Myst game logoI’m not a fan of most computer games. I have had enough violence and racing in my life to not want to invite it in through games of violence, war, racing, chasing, or bashing in heads. Among my favorite computer games are Myst and its sequels, Exile, Riven, The Revelation, and Uru, created by Cyan Worlds.

Myst and its sequels are beautiful mind games, challenging the best in us through complex puzzles accompanied by phenomenal real-life graphics. My husband and I would play these together, discussing strategies and solving the problems over meals and long drives. We’d email or instant message chat back and forth things to try or experiment with to solve the puzzles. They took our minds other places while we were in places and dealing with things we didn’t want to deal with. Great distractions, but more than that – great mind teasers.

We’ve been searching for Myst replacements for years on our desktop computers without success. With the new drive in mobile games for cell phones and tablets, we felt confident that the need for Myst-like brain games would generate something. After several years of poking, we’ve found some possibilities. Unfortunately, most of these are more like pretty maze games rather than mind-benders.

I used to think there was a difference between a Myst-like problem-solving game and a simple hidden object adventure game. As the games improve their visual quality, the simple games of finding hidden objects to solve puzzles can become as interesting as Myst-problem-solving games that require a little more brain power. I’ve included some well-reviewed hidden object games in the list below accordingly.
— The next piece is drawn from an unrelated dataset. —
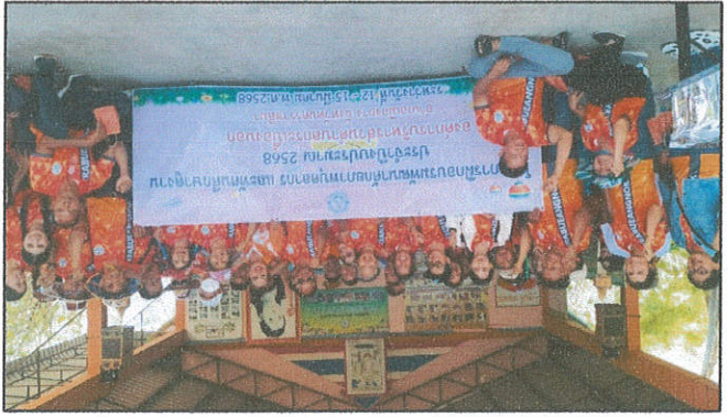
កម្មវិធីបណ្តុះបណ្តាលសម្រាប់បេក្ខជនសម្រាប់ការបោះឆ្នោតសម្រាប់ប្រជាជន រៀបចំដោយគម្រោងការងារសម្រាប់បេក្ខជនសម្រាប់ការបោះឆ្នោតសម្រាប់ប្រជាជន

កម្មវិធីបណ្តុះបណ្តាលសម្រាប់បេក្ខជនសម្រាប់ការបោះឆ្នោតសម្រាប់ប្រជាជន ដែលមានប្រជាជនចូលរួមចំនួន ២០០នាក់ ក្នុងមួយថ្ងៃ ក្នុងមួយខែ ក្នុងមួយឆ្នាំ ក្នុងមួយស្ថានភាព/ទូរស័ព្ទ ១០០ ដែលមានប្រជាជនចូលរួមចំនួន ២០០នាក់ ក្នុងមួយថ្ងៃ ក្នុងមួយខែ ក្នុងមួយឆ្នាំ ក្នុងមួយស្ថានភាព/ទូរស័ព្ទ ១០០

Myst game - the swampTo be true to the concept of a Myst game, I believe the game should put you in the key role of the player, giving you a vested interest in solving the puzzles. There should be little interaction with other characters, just you and the environment, where the pieces of the puzzle tell more of the story than the characters could. The puzzles should make you think, fuss over, and experiment with before solving, but not be too simple nor too inane. You should shout with joy when you figure them out, not groan. This is where many of the new games miss the mark. I rarely have the overwhelming impulse to jump up and down and shout, “I did it!” Or do I experience the water-cooler effect praising the game long after finishing the play.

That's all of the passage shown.